• _The task_: Output exactly, in the material below, the lines from the one with "On Monday, my" through the one with "A confusão começou". Omit all pictures.

• _Entries provided_:
╭──

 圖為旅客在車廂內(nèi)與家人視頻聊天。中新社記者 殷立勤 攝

╰──
╭──

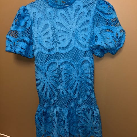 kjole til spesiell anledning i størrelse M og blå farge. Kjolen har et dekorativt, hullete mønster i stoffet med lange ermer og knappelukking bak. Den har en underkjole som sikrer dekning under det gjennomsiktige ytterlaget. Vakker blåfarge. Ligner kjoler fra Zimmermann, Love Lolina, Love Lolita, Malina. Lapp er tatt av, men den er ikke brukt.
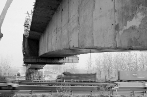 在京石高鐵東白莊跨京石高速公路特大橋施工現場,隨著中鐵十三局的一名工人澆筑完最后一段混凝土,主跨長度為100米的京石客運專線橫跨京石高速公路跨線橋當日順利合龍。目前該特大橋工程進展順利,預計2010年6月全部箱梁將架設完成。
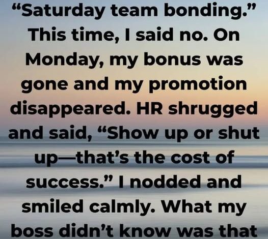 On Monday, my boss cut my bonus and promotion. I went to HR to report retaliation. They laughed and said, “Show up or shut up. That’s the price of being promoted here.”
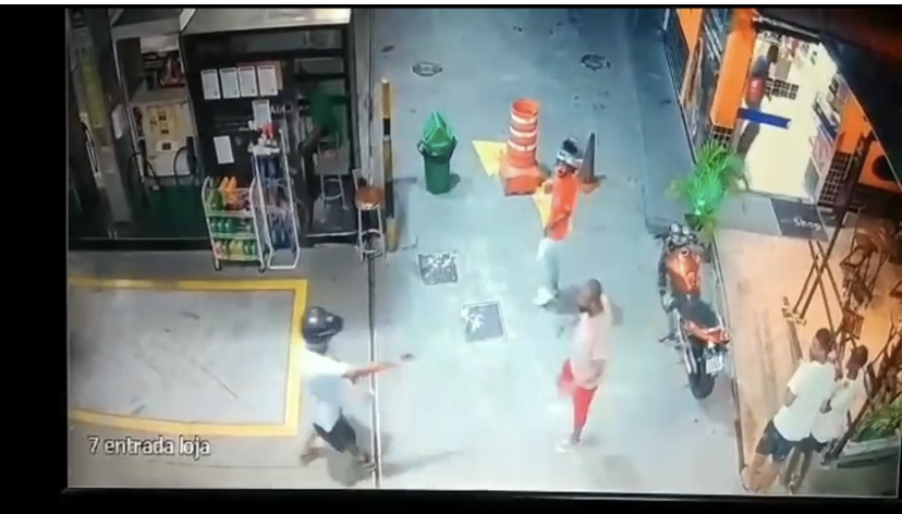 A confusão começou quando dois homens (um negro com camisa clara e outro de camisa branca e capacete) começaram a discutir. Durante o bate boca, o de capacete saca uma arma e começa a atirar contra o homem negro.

╰──

• _Written answer_:
 On Monday, my boss cut my bonus and promotion. I went to HR to report retaliation. They laughed and said, “Show up or shut up. That’s the price of being promoted here.”
 A confusão começou quando dois homens (um negro com camisa clara e outro de camisa branca e capacete) começaram a discutir. Durante o bate boca, o de capacete saca uma arma e começa a atirar contra o homem negro.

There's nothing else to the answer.